TK6 human lymphoblastoid cells were obtained from the European Collection of Cell Cultures (Wiltshire, United Kingdom) and maintained in suspension at a density of 0.5–1 x 10⁶/ml in the culture medium (RPMI 1640 supplemented with 10% fetal bovine serum) and 2 mM glutamine, Life Technologies, Inc., Paisley, United Kingdom). The cells were diluted daily. XEMh1A2-MZ cell line, a variant of Chinese hamster fibroblast V79 genetically engineered to express human CYP1A2, was generously provided by Dr. J. Doehmer (Institut Fur Toxikologie und Umwelthygiene, Technische Universita, Munich, Germany). Adherent XEMh1A2-MZ cells were maintained in the same medium supplemented with 0.4 mg/ml of geneticin to select for G418 resistance. Both cell lines were cultured at 37°C in 5%CO₂/95% air.

Treatment.
XEMh1A2-MZ cells were seeded into 6-well plates at 2.5 x 10⁶/well and allowed to attach to the plate. After 24 h, they were irradiated (50 Gy), and the supernatants were aspirated just before adding TK6 cells at 2.5 x 10⁶ cells/well in 5 ml of culture medium. In preliminary experiments, we showed that irradiated XEMh1A2-MZ cells were able to activate PhIP to N-hydroxy PhIP and remained adhered to the plate for at least 3- 4 days with minimal cell loss as evidence by floating cells (determined by microscopy). Under the conditions of coculture, the XEMh1A2-MZ cells remained attached and viable with functional CYP1A2 activity but were unable to replicate, whereas the nonadherent TK6 cells were viable and grew exponentially. The coculture was treated for 20–40 h with PhIP (Toronto Research Chemicals Inc., Toronto, Canada; final concentration 0–10 µg/ml, dissolved in DMSO). Nonadherent cells were harvested by centrifugation, and the cell pellets were collected for further culture or for cell cycle analysis.
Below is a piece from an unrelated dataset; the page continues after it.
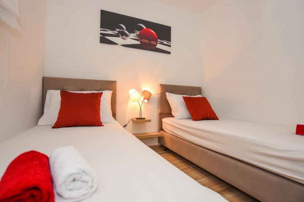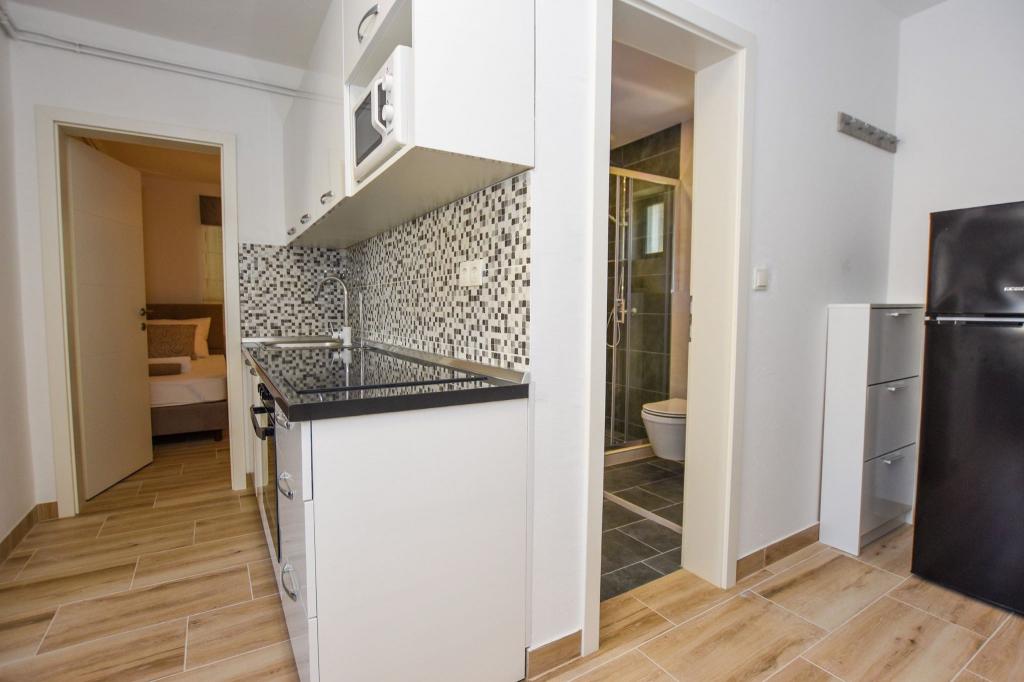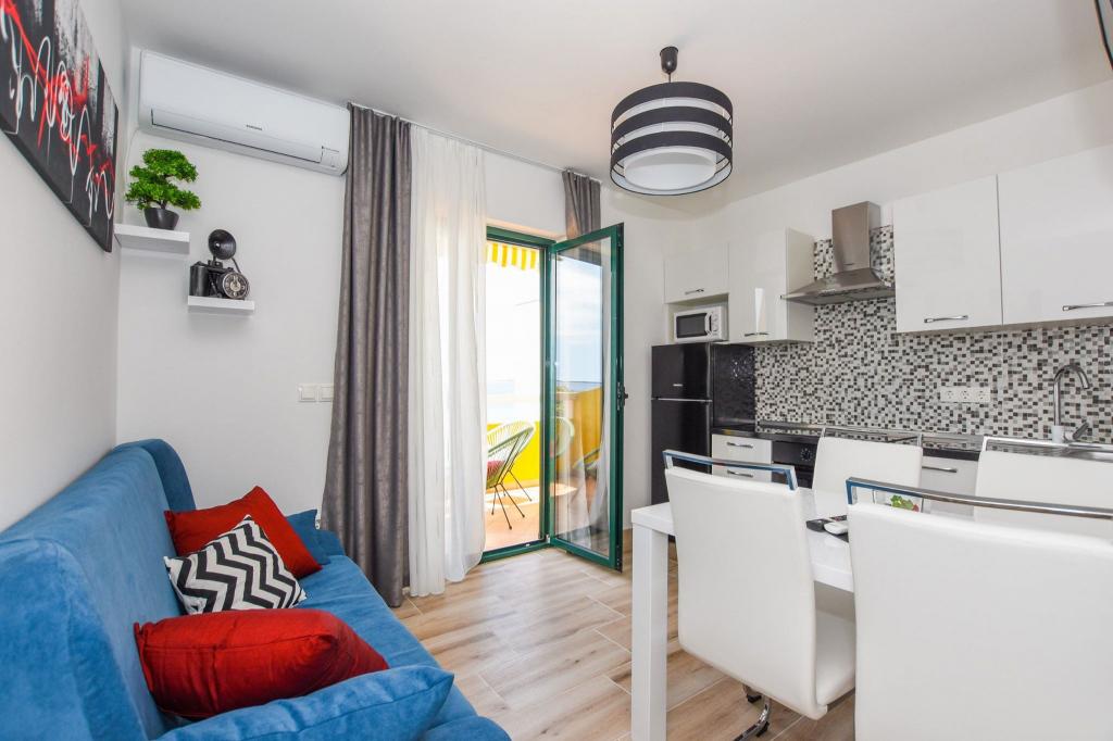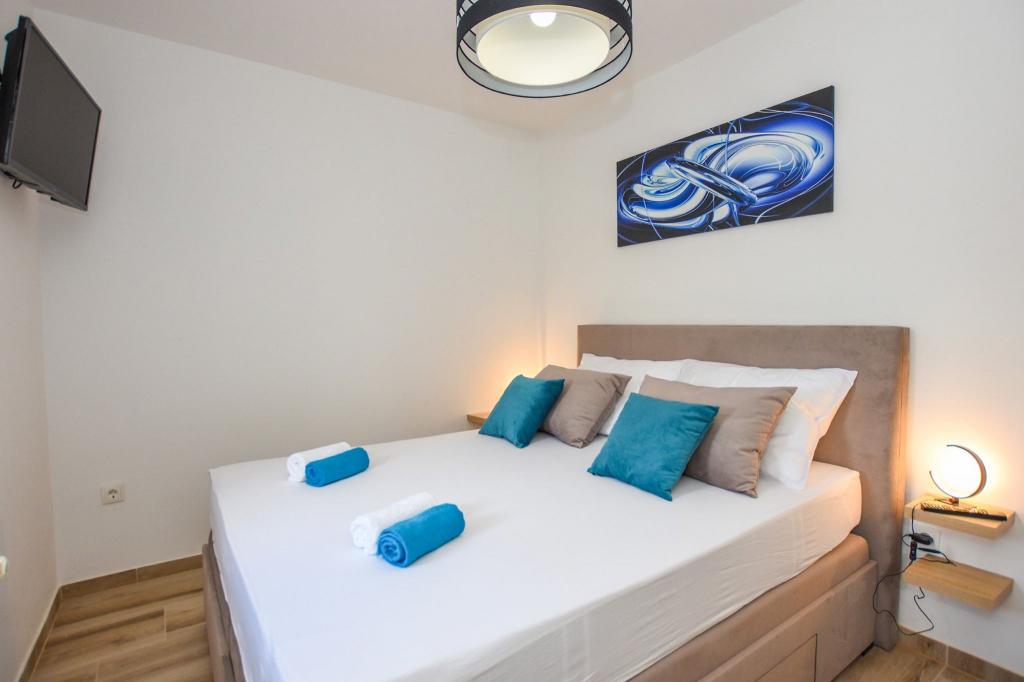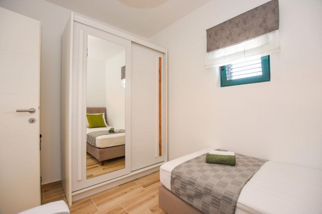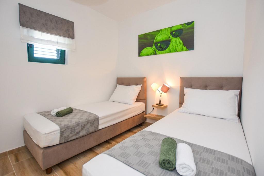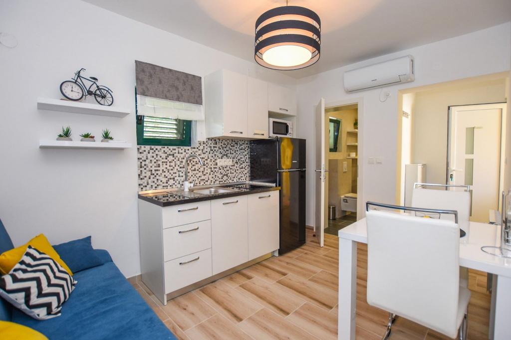 6 NOVIH MODERNO UREJENIH apartmajev, vse enote vključujejo klimatsko napravo, lastno kopalnico s tušem in kuhinjo s pomivalnim strojem, hladilnikom, opekačem kruha in kuhalnikom vode ter skupni prostor za pranje, sušenje in likanje, brezplačen Wi-Fi, led TV, aparat za kavo , otroška posteljica. Brezplačno zasebno parkirišče v krogu 50 metrov. Nekatere enote imajo teraso. V radiju 20 metrov so čudovite plaže, kavarne, otroško igrišče, restavracije, trgovine in igralnica.

Flow Cytometry Analysis of Cell Cycle Distribution and Cyclin A Expression.
Cell cycle stage was determined using flow cytometry. Briefly, TK6 cells were fixed with 70% ethanol at -20°C for 1 h. Cells were resuspended in 1 ml of PBS containing propidium iodide (5 µg/ml) and RNase A (0.1 mg/ml) and were incubated at 37°C for 30 min. Cells (10⁴ cells per analysis) were examined by flow cytometry (Coulter, Hialeah, FL), and the cell cycle distribution was determined by DNA content. Cells distributed in sub-G₁ were defined as apoptotic according to the criteria described by others (25) .

Simultaneous cell cycle and cyclin A expression was determined by flow cytometry (26 , 27) . Briefly, cells (10⁶) were fixed in a 1:1 (v/v) solution of acetone in absolute ethanol for 30 min at -20°C. After washing with 70% ethanol and PBS, the cells were incubated overnight at 4°C with rabbit polyclonal antibody to human cyclin A (Santa Cruz Biotechnology, Inc., California, USA), which was diluted 1:1000 with PBS containing 1% BSA (BSA). The cells were washed with PBS and incubated with FITC (FITC)-conjugated goat antirabbit IgG antibody which was diluted 1:200 in PBS containing 1% BSA, for 1 h at room temperature in the dark. Cells were washed and resuspended in 1 ml of PBS containing propidium iodide (5 µg/ml) and RNase A (0.1 mg/ml), incubated at 37°C for 30 min. The negative control was processed in a similar way, except that rabbit IgG was used instead of the cyclin A antibody. FITC and propidium iodide fluorescence were measured in the same cells and cyclin A-expressing cells were defined using a gated window. Cyclin A expression for the gated population was quantified as the mean labeling fluorescence.

Cell Cycle Synchronization.
TK6 cells were synchronized in G₁ by starvation. Cells were grown in the culture medium for more than 3 days without change of medium, then released to fresh medium for 4 h prior to the treatment, when more than 80% of the cells were in G₁, as determined by flow cytometry.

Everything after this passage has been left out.